## [Exercise requirements]
Every line from the one containing "(4)套装:杀戮命令cd-6" to the end of the data below should be copied exactly, but pictures should not.

## [Dataset section]
*** Block opens ***

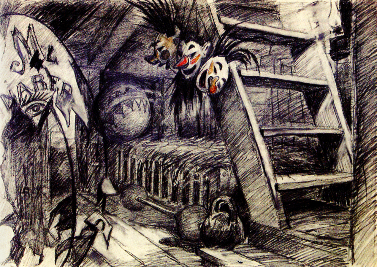 Эскизы декораций к фильму «Рыжик» (1960). Уборная циркового артиста. Бумага, карандаш графитный, пастель. Киноведческие записки. 2011/2012. № 99.
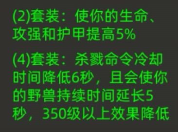 (4)套装:杀戮命令cd-6秒,野兽持续时间+6秒(野兽指的是野兽主宰技能召唤物)
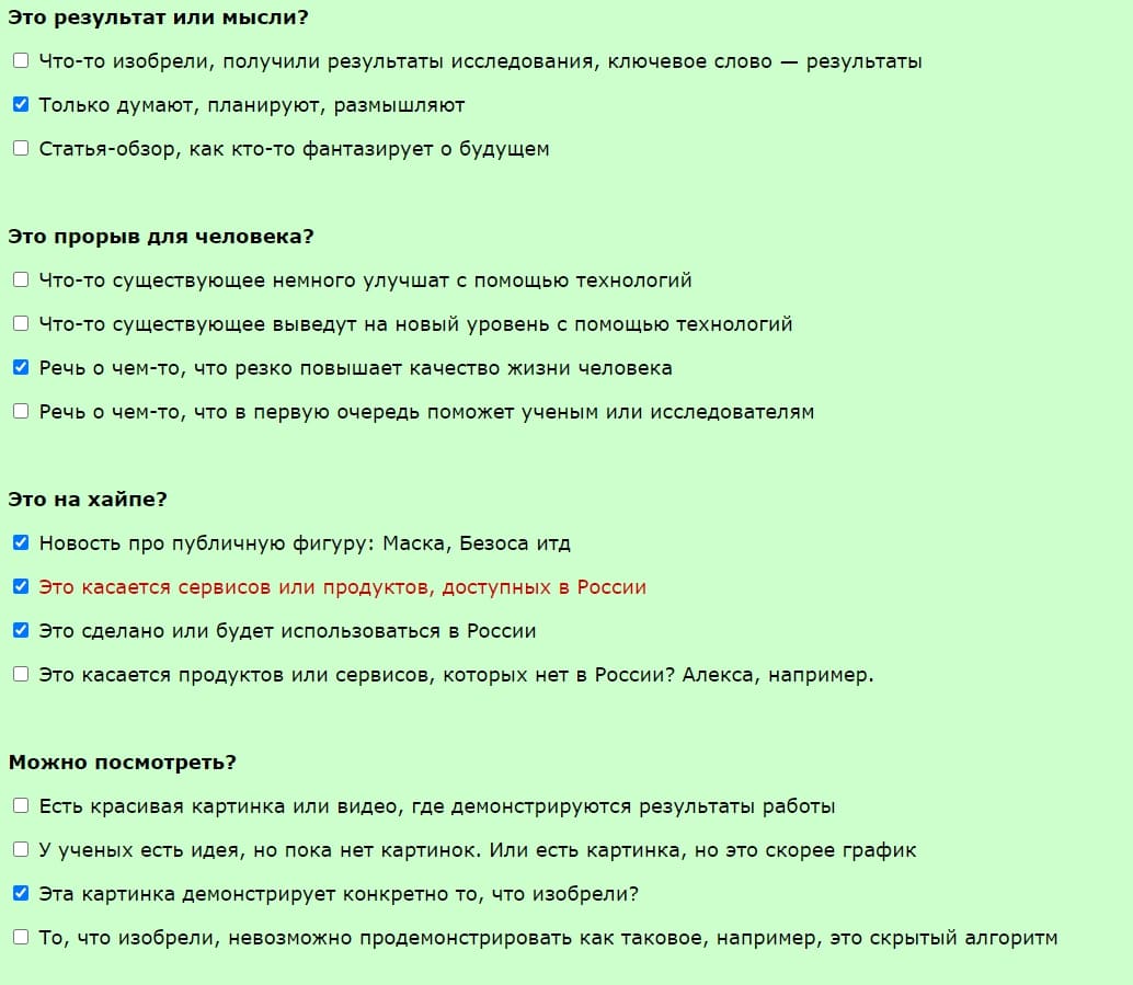 Ещё мы уменьшили количество градаций с результатами, чтобы было проще ориентироваться. Теперь сразу понятно, что если фон стал зелёным, то новость можно брать в работу, а если красным — то, скорее всего, нет.

*** Block closes ***

## [Response below]
 (4)套装:杀戮命令cd-6秒,野兽持续时间+6秒(野兽指的是野兽主宰技能召唤物)
 Ещё мы уменьшили количество градаций с результатами, чтобы было проще ориентироваться. Теперь сразу понятно, что если фон стал зелёным, то новость можно брать в работу, а если красным — то, скорее всего, нет.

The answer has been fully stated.